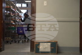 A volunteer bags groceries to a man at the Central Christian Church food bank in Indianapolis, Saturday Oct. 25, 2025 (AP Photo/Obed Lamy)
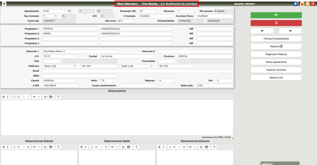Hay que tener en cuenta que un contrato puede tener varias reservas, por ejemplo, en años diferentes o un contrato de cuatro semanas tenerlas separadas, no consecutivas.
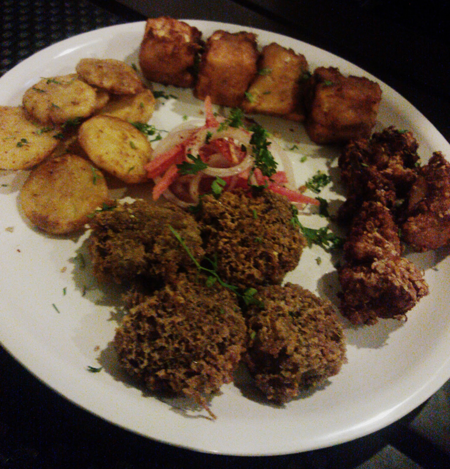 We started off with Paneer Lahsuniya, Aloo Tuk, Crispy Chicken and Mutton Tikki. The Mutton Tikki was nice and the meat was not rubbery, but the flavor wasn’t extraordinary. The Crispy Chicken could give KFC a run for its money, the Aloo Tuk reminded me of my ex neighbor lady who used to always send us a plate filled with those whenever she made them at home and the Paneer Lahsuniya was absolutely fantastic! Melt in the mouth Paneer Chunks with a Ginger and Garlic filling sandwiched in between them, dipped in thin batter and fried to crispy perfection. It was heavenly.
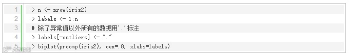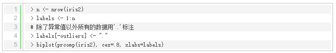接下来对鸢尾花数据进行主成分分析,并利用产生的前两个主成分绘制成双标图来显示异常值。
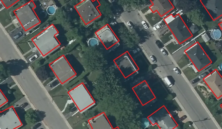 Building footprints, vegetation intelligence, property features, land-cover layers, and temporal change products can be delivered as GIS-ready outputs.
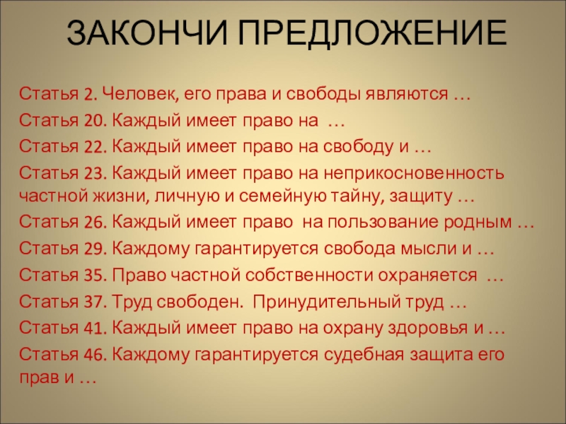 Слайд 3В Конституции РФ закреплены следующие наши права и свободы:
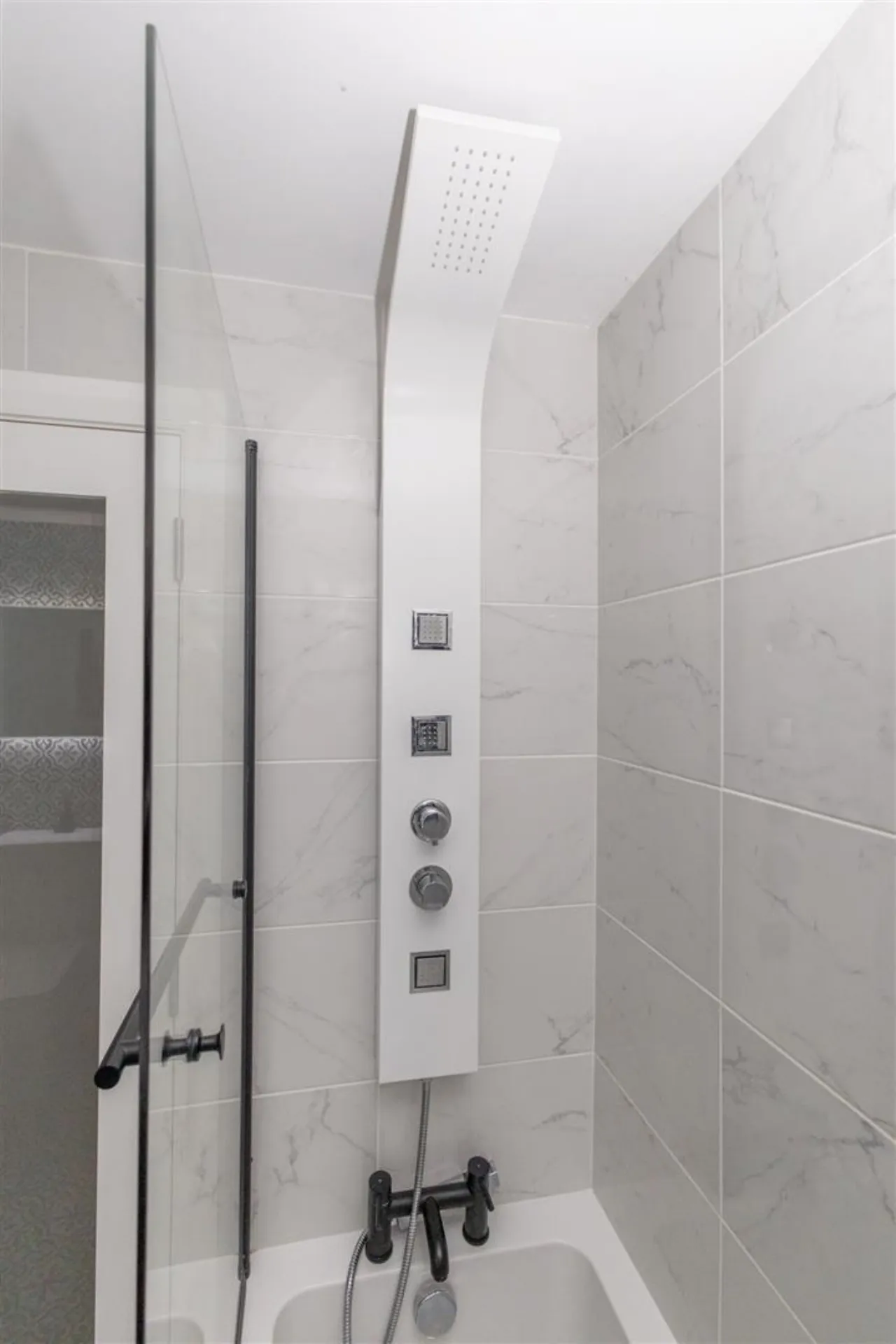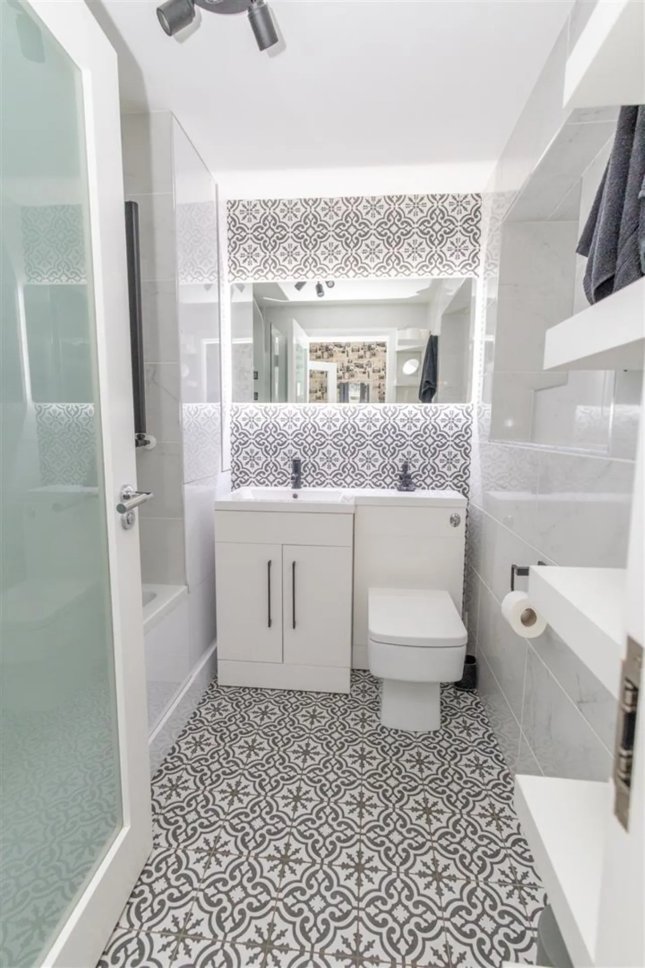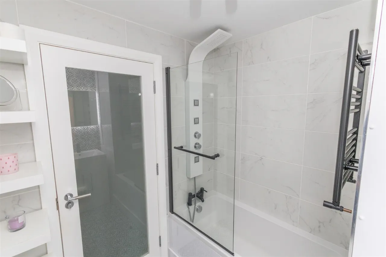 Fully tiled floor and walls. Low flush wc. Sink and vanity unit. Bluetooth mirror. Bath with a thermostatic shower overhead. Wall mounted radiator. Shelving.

▸ Exercise details: Where an entry includes an image, skip the image and return everything else exactly.

▸ Result for this exercise:
 A volunteer bags groceries to a man at the Central Christian Church food bank in Indianapolis, Saturday Oct. 25, 2025 (AP Photo/Obed Lamy)
Hay que tener en cuenta que un contrato puede tener varias reservas, por ejemplo, en años diferentes o un contrato de cuatro semanas tenerlas separadas, no consecutivas.
 We started off with Paneer Lahsuniya, Aloo Tuk, Crispy Chicken and Mutton Tikki. The Mutton Tikki was nice and the meat was not rubbery, but the flavor wasn’t extraordinary. The Crispy Chicken could give KFC a run for its money, the Aloo Tuk reminded me of my ex neighbor lady who used to always send us a plate filled with those whenever she made them at home and the Paneer Lahsuniya was absolutely fantastic! Melt in the mouth Paneer Chunks with a Ginger and Garlic filling sandwiched in between them, dipped in thin batter and fried to crispy perfection. It was heavenly.
接下来对鸢尾花数据进行主成分分析,并利用产生的前两个主成分绘制成双标图来显示异常值。
 Building footprints, vegetation intelligence, property features, land-cover layers, and temporal change products can be delivered as GIS-ready outputs.
 Слайд 3В Конституции РФ закреплены следующие наши права и свободы:
 Fully tiled floor and walls. Low flush wc. Sink and vanity unit. Bluetooth mirror. Bath with a thermostatic shower overhead. Wall mounted radiator. Shelving.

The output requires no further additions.